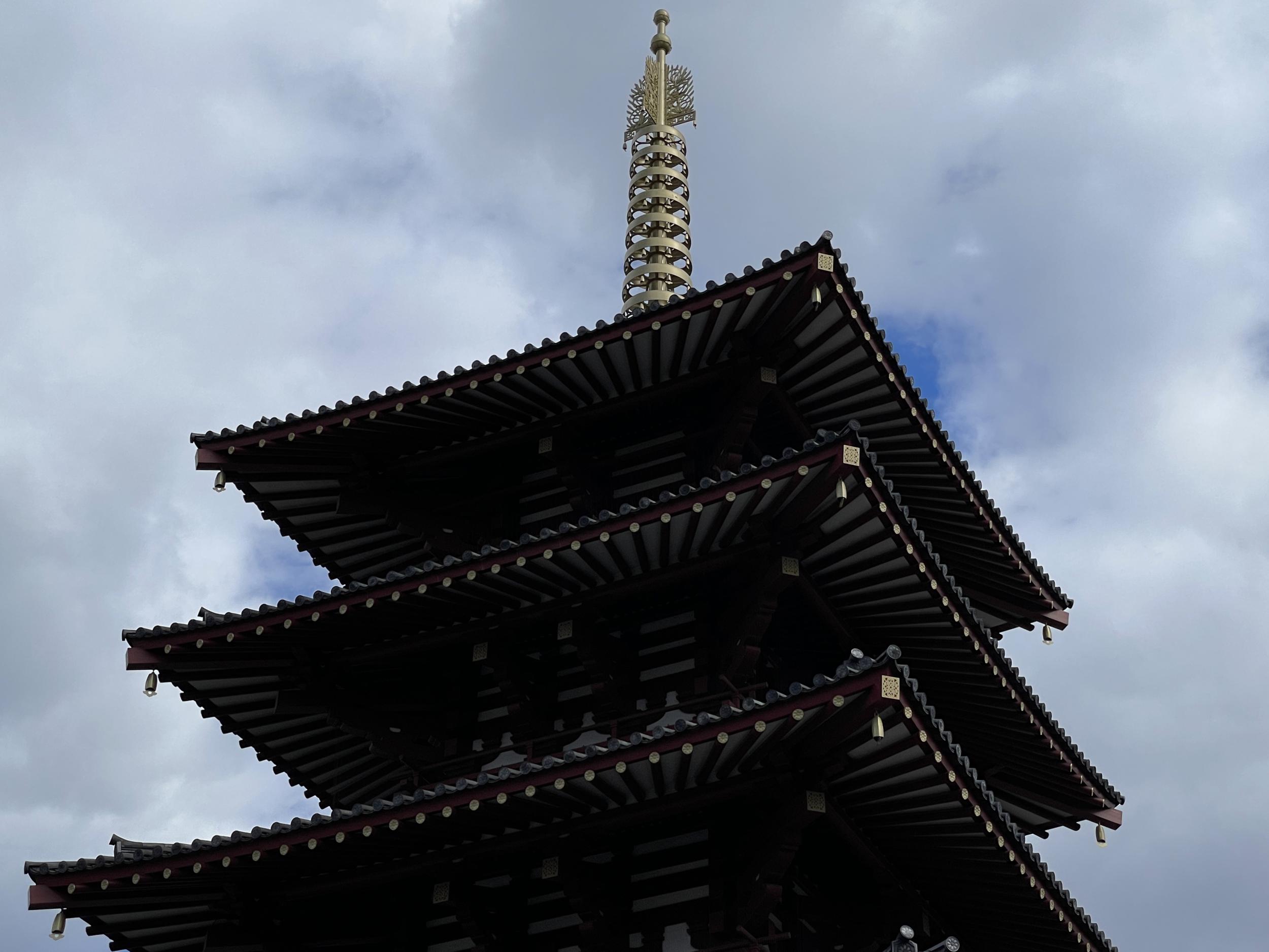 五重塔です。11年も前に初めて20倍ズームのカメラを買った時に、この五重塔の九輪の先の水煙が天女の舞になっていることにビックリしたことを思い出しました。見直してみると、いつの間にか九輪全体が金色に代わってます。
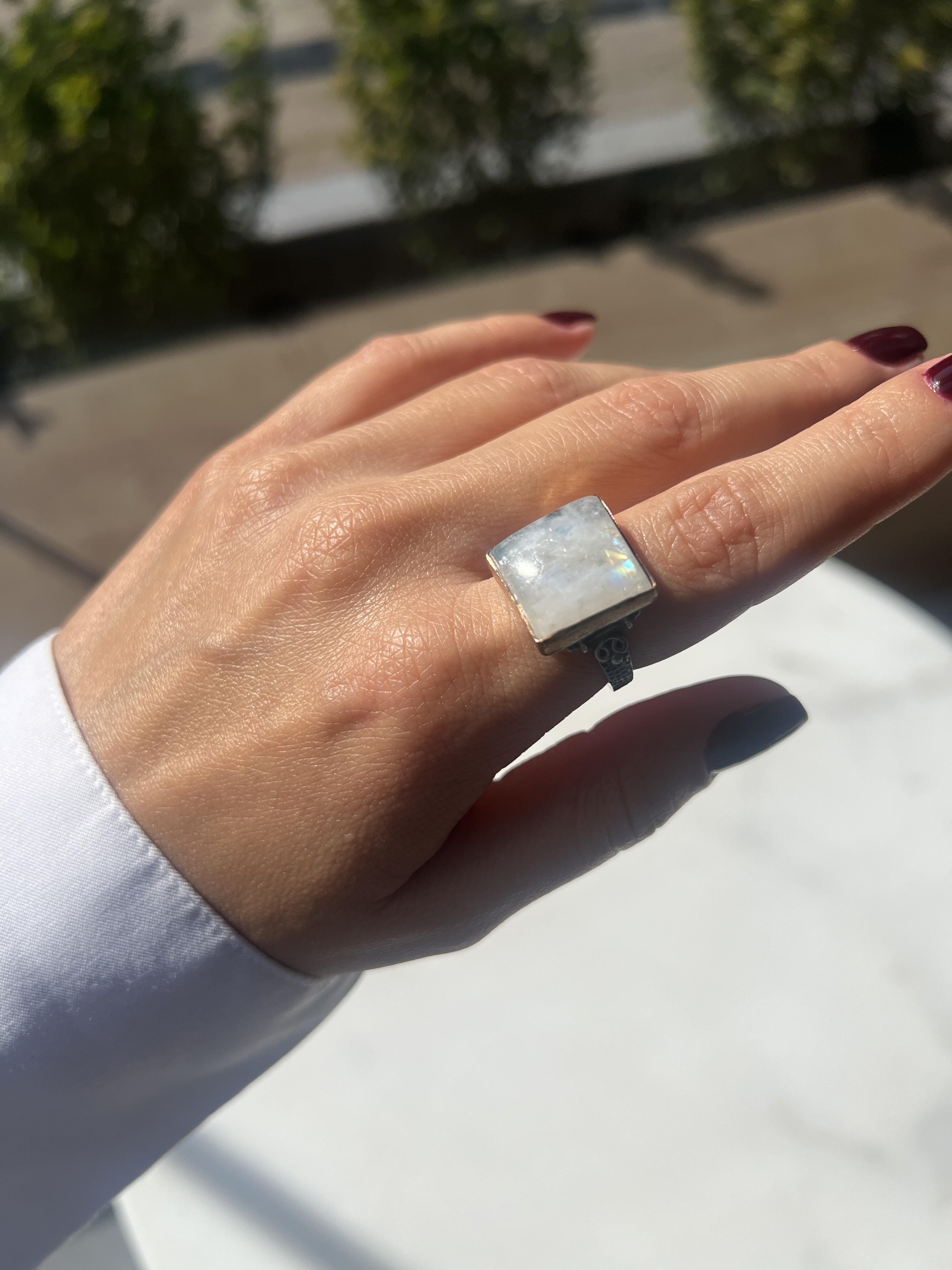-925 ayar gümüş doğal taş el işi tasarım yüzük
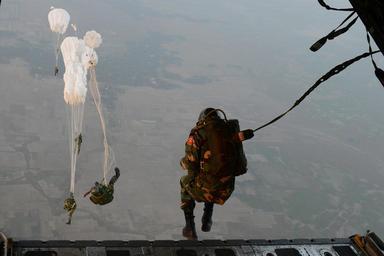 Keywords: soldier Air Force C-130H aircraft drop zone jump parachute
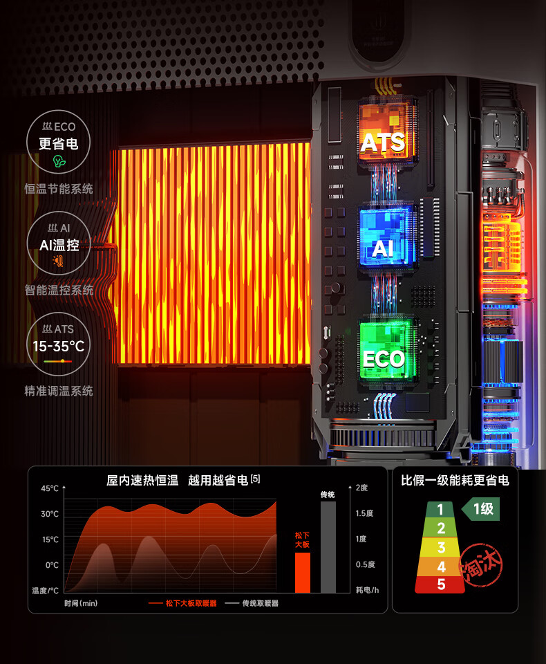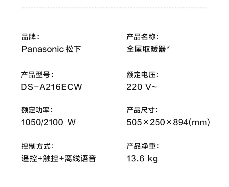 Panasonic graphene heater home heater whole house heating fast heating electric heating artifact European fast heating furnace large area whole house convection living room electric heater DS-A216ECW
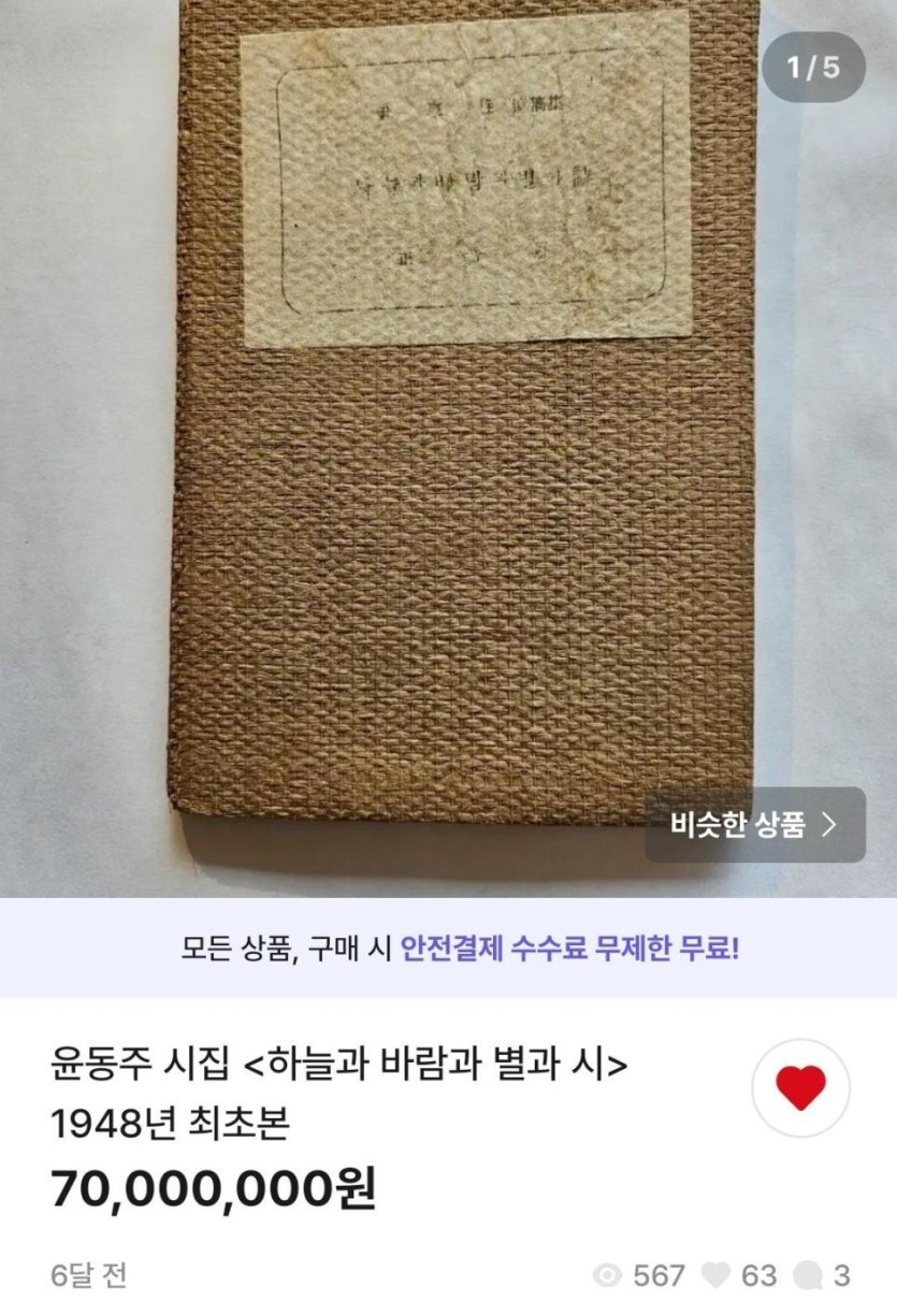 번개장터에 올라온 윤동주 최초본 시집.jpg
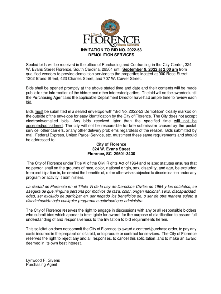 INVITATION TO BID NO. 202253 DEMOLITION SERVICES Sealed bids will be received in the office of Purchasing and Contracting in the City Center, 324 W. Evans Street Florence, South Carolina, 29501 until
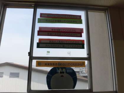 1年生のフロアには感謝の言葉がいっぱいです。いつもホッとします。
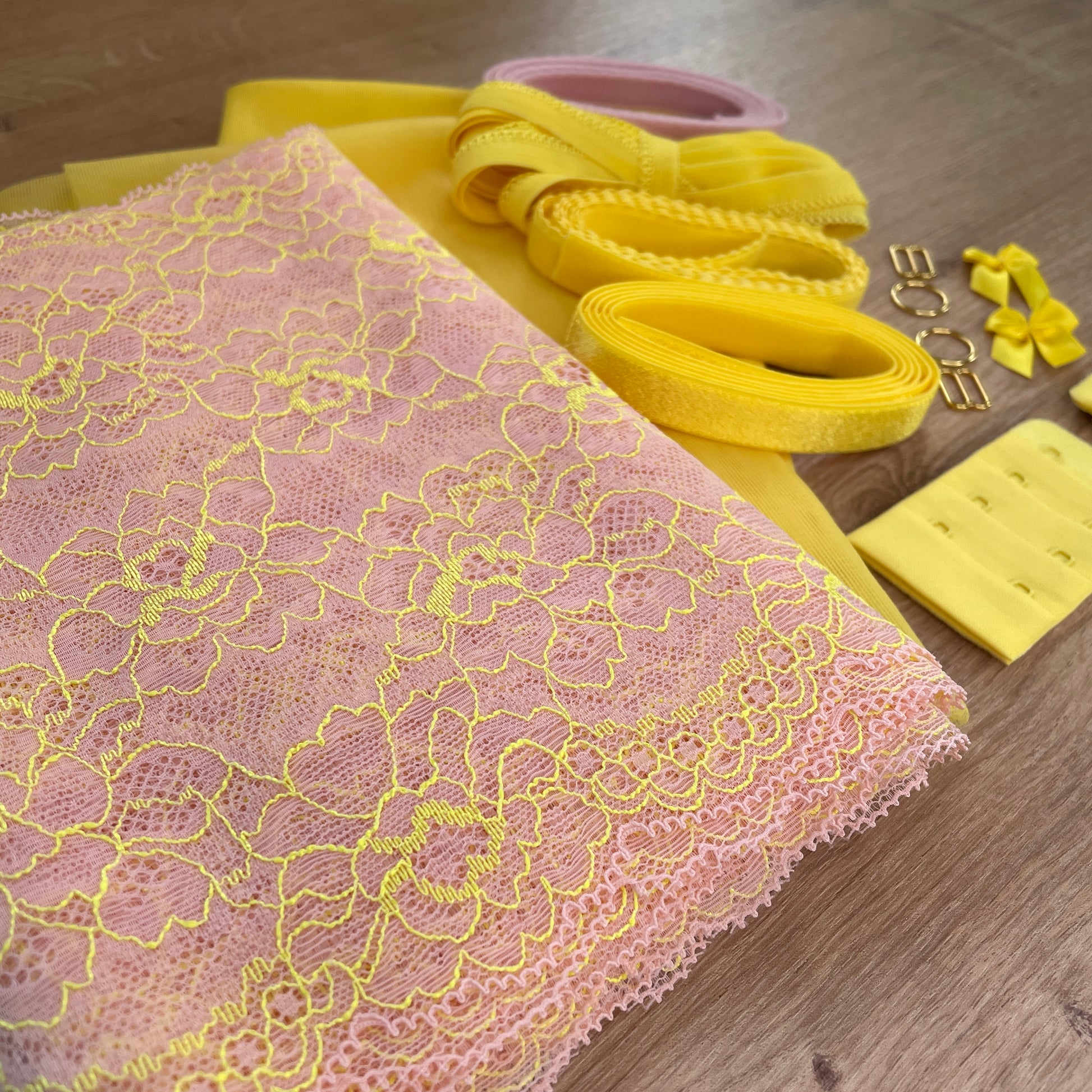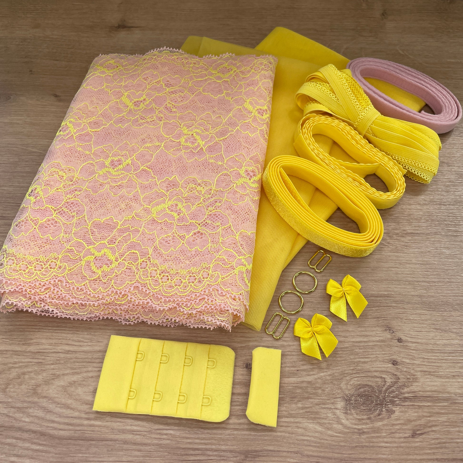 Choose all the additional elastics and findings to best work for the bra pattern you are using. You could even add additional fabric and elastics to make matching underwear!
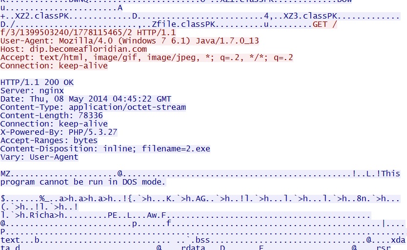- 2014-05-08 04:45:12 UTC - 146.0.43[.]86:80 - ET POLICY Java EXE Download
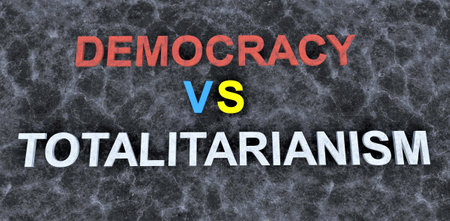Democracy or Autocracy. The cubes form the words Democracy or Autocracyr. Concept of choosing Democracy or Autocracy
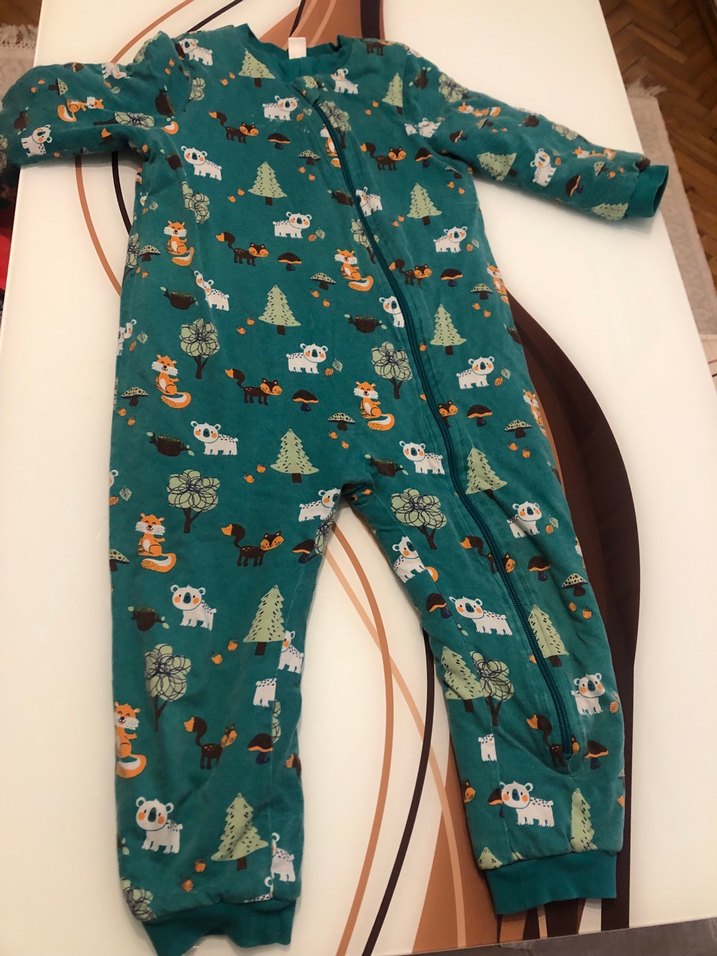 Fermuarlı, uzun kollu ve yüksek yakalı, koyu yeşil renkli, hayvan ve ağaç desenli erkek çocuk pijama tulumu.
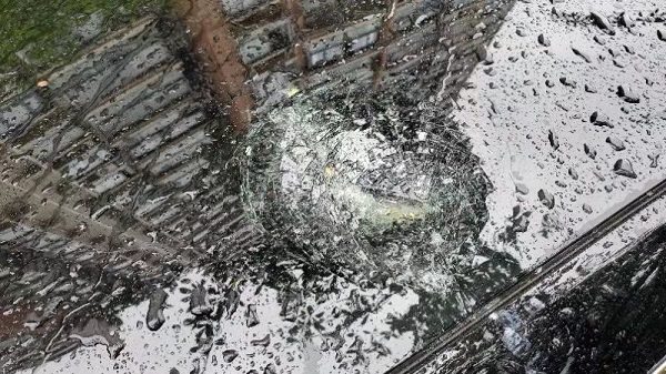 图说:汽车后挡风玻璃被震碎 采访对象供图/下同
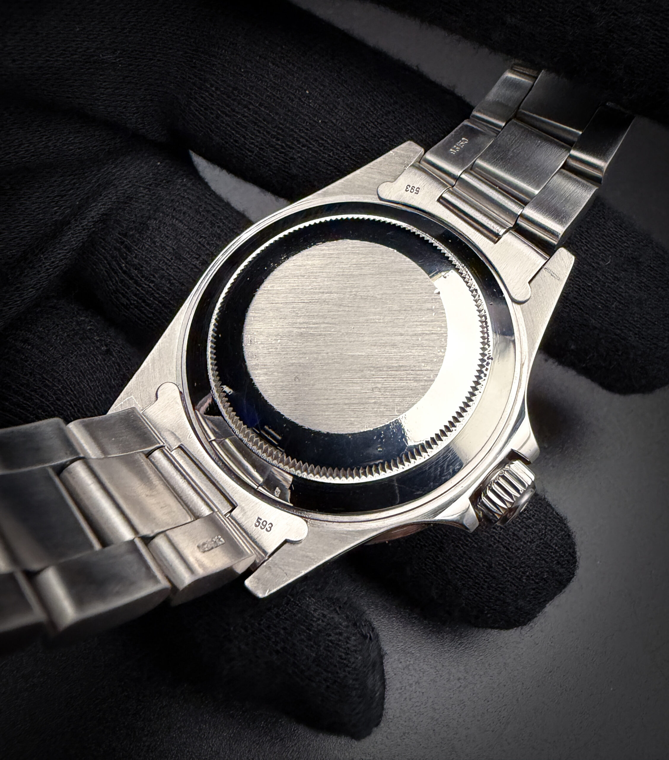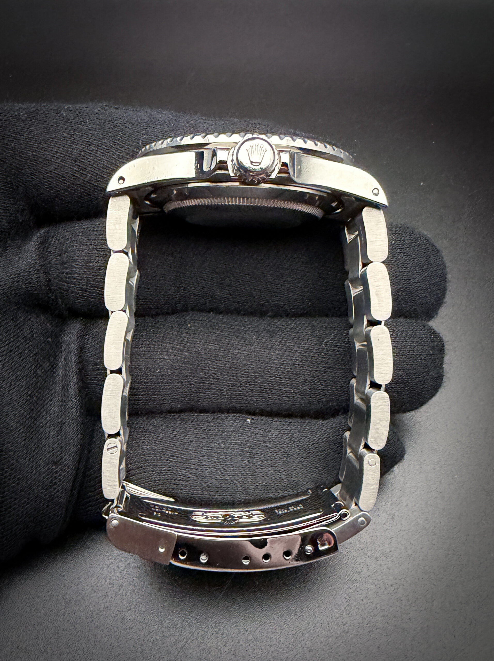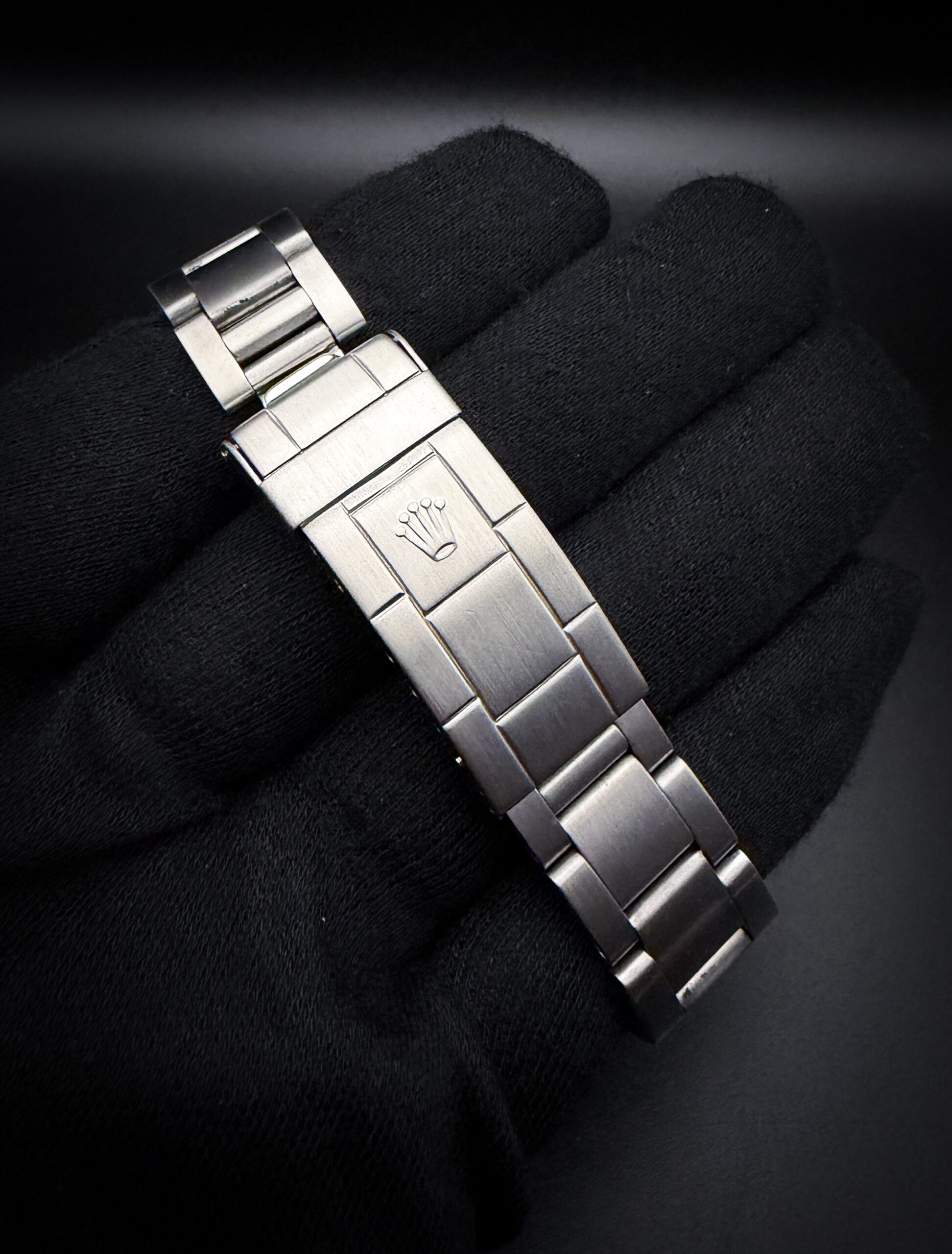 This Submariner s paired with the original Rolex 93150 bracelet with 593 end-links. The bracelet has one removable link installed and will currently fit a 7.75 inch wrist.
+ + +
• YOUR ASSIGNMENT:
In your copy, include no pictures; print every line above exactly.

• TASK RESULT:
 五重塔です。11年も前に初めて20倍ズームのカメラを買った時に、この五重塔の九輪の先の水煙が天女の舞になっていることにビックリしたことを思い出しました。見直してみると、いつの間にか九輪全体が金色に代わってます。
-925 ayar gümüş doğal taş el işi tasarım yüzük
 Keywords: soldier Air Force C-130H aircraft drop zone jump parachute
 Panasonic graphene heater home heater whole house heating fast heating electric heating artifact European fast heating furnace large area whole house convection living room electric heater DS-A216ECW
 번개장터에 올라온 윤동주 최초본 시집.jpg
 INVITATION TO BID NO. 202253 DEMOLITION SERVICES Sealed bids will be received in the office of Purchasing and Contracting in the City Center, 324 W. Evans Street Florence, South Carolina, 29501 until
 1年生のフロアには感謝の言葉がいっぱいです。いつもホッとします。
 Choose all the additional elastics and findings to best work for the bra pattern you are using. You could even add additional fabric and elastics to make matching underwear!
- 2014-05-08 04:45:12 UTC - 146.0.43[.]86:80 - ET POLICY Java EXE Download
Democracy or Autocracy. The cubes form the words Democracy or Autocracyr. Concept of choosing Democracy or Autocracy
 Fermuarlı, uzun kollu ve yüksek yakalı, koyu yeşil renkli, hayvan ve ağaç desenli erkek çocuk pijama tulumu.
 图说:汽车后挡风玻璃被震碎 采访对象供图/下同
 This Submariner s paired with the original Rolex 93150 bracelet with 593 end-links. The bracelet has one removable link installed and will currently fit a 7.75 inch wrist.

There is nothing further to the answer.